## Data section
____________
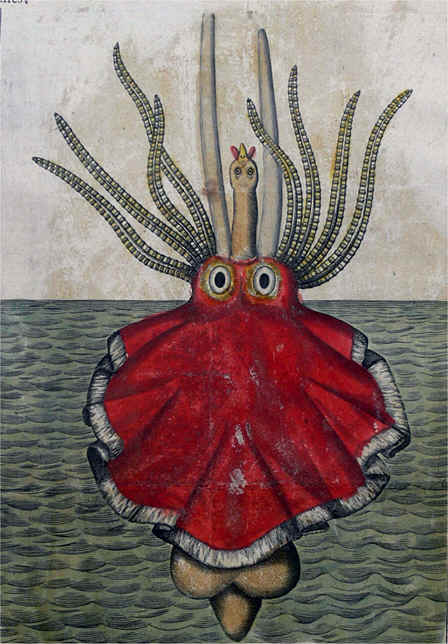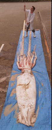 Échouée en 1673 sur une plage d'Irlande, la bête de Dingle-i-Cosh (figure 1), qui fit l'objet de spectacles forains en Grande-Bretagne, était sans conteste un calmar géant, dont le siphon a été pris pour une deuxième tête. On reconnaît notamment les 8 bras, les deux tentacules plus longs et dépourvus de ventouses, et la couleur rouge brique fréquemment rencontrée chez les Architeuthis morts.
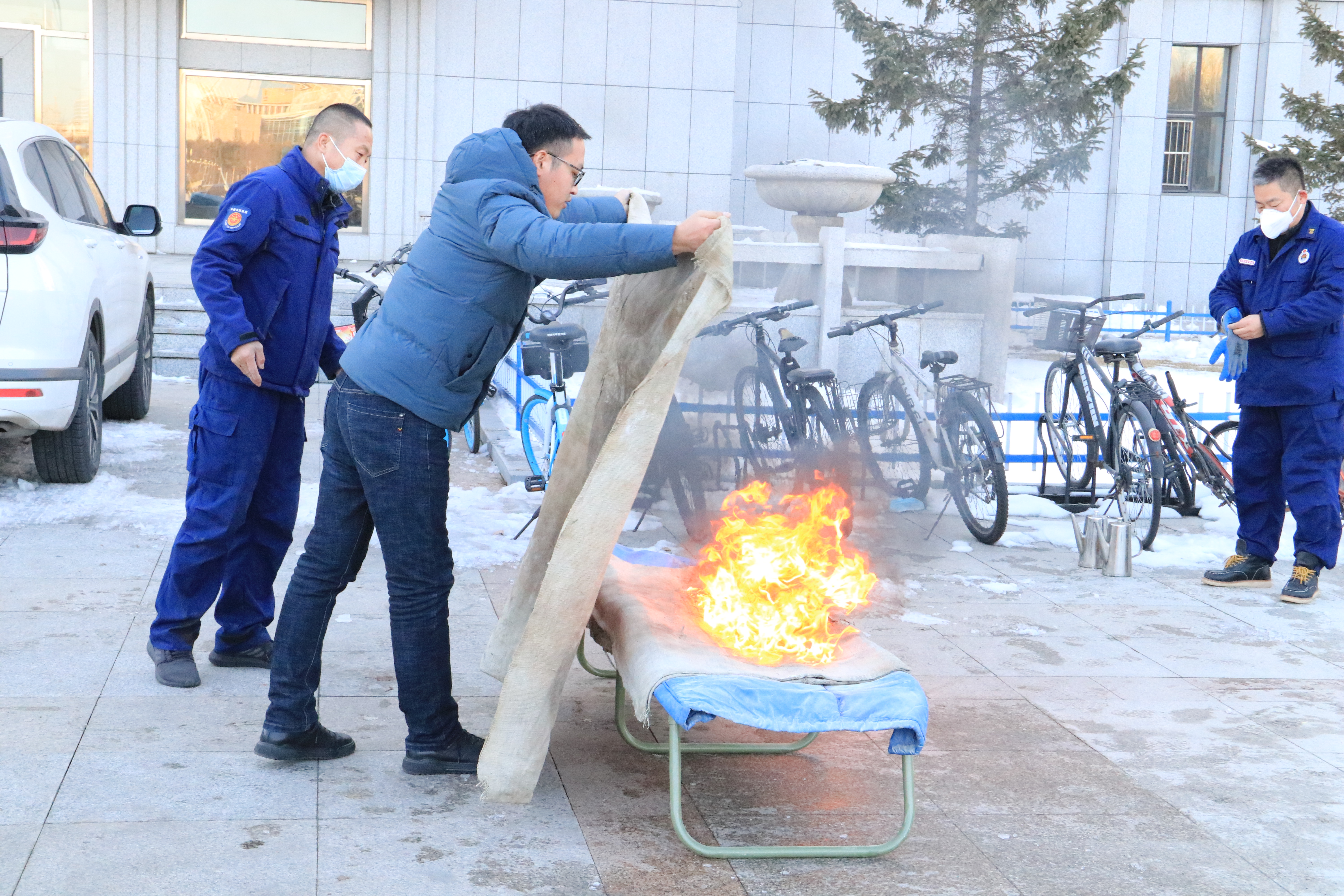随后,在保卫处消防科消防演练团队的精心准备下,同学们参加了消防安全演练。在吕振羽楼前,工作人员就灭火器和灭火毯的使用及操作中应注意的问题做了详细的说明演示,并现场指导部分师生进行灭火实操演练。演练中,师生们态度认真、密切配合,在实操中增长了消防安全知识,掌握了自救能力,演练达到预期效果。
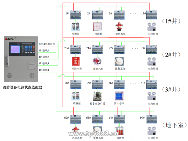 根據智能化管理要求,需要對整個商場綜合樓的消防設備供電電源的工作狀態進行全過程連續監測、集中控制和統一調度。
____________
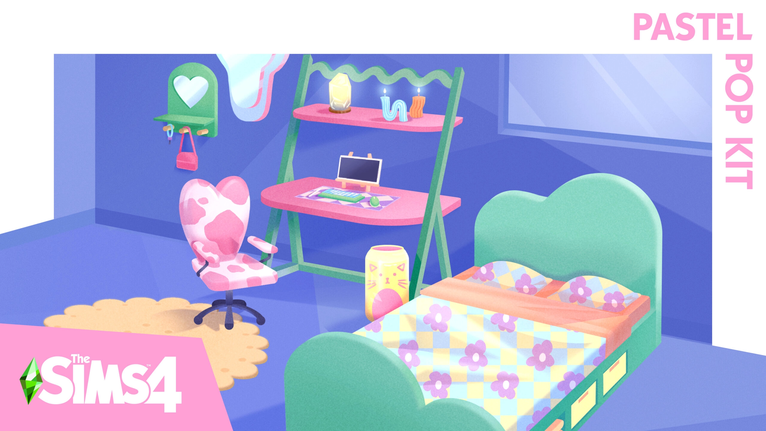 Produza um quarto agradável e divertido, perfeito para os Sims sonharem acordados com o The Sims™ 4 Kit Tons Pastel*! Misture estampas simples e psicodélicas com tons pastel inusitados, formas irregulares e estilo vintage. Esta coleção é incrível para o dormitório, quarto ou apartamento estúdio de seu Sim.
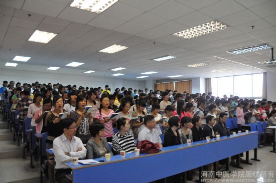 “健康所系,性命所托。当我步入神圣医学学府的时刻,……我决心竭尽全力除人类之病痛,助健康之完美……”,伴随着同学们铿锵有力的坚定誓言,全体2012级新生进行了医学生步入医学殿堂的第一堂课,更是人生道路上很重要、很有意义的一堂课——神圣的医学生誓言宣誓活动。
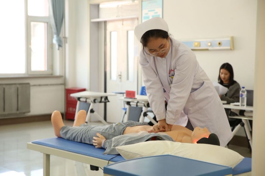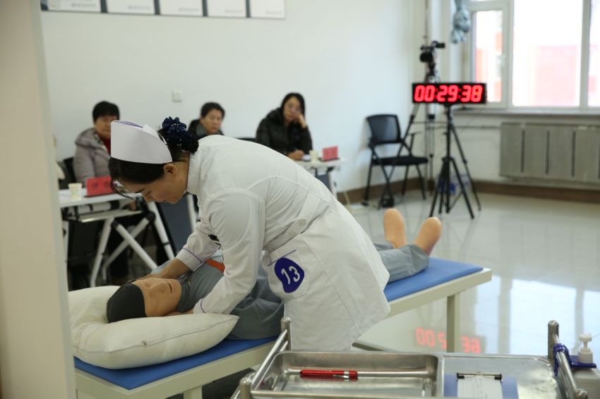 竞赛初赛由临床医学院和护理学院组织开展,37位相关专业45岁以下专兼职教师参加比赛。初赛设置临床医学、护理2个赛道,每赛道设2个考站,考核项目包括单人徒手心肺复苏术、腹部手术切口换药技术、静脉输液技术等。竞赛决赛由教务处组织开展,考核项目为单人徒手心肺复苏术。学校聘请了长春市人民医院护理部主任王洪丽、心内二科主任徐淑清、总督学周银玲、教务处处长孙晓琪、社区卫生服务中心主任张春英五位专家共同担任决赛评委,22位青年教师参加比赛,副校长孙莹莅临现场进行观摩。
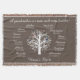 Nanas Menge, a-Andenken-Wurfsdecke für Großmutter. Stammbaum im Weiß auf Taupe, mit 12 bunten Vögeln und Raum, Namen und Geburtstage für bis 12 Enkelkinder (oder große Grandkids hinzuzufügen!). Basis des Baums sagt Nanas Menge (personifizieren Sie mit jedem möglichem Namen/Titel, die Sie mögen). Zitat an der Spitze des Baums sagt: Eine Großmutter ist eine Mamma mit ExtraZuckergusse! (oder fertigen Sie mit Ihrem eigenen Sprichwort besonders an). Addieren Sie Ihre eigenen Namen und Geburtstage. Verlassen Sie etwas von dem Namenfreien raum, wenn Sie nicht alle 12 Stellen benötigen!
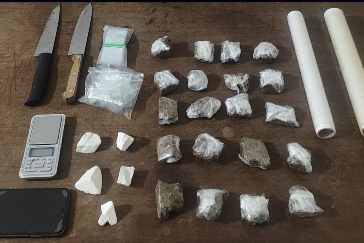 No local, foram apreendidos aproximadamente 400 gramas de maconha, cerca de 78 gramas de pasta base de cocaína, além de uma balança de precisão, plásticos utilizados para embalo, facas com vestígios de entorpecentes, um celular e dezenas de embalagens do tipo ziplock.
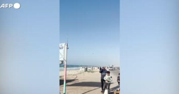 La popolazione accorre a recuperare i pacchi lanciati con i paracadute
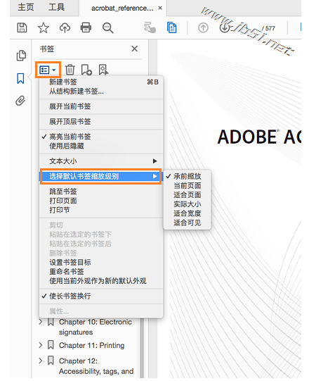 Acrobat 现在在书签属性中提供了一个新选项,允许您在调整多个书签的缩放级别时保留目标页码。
____________
## About this exercise
Return only the stretch above from the line containing "随后,在保卫处消防科消防演练" through the line containing "根據智能化管理要求,需要對整", word for word and without pictures.

## Expected answer
随后,在保卫处消防科消防演练团队的精心准备下,同学们参加了消防安全演练。在吕振羽楼前,工作人员就灭火器和灭火毯的使用及操作中应注意的问题做了详细的说明演示,并现场指导部分师生进行灭火实操演练。演练中,师生们态度认真、密切配合,在实操中增长了消防安全知识,掌握了自救能力,演练达到预期效果。
 根據智能化管理要求,需要對整個商場綜合樓的消防設備供電電源的工作狀態進行全過程連續監測、集中控制和統一調度。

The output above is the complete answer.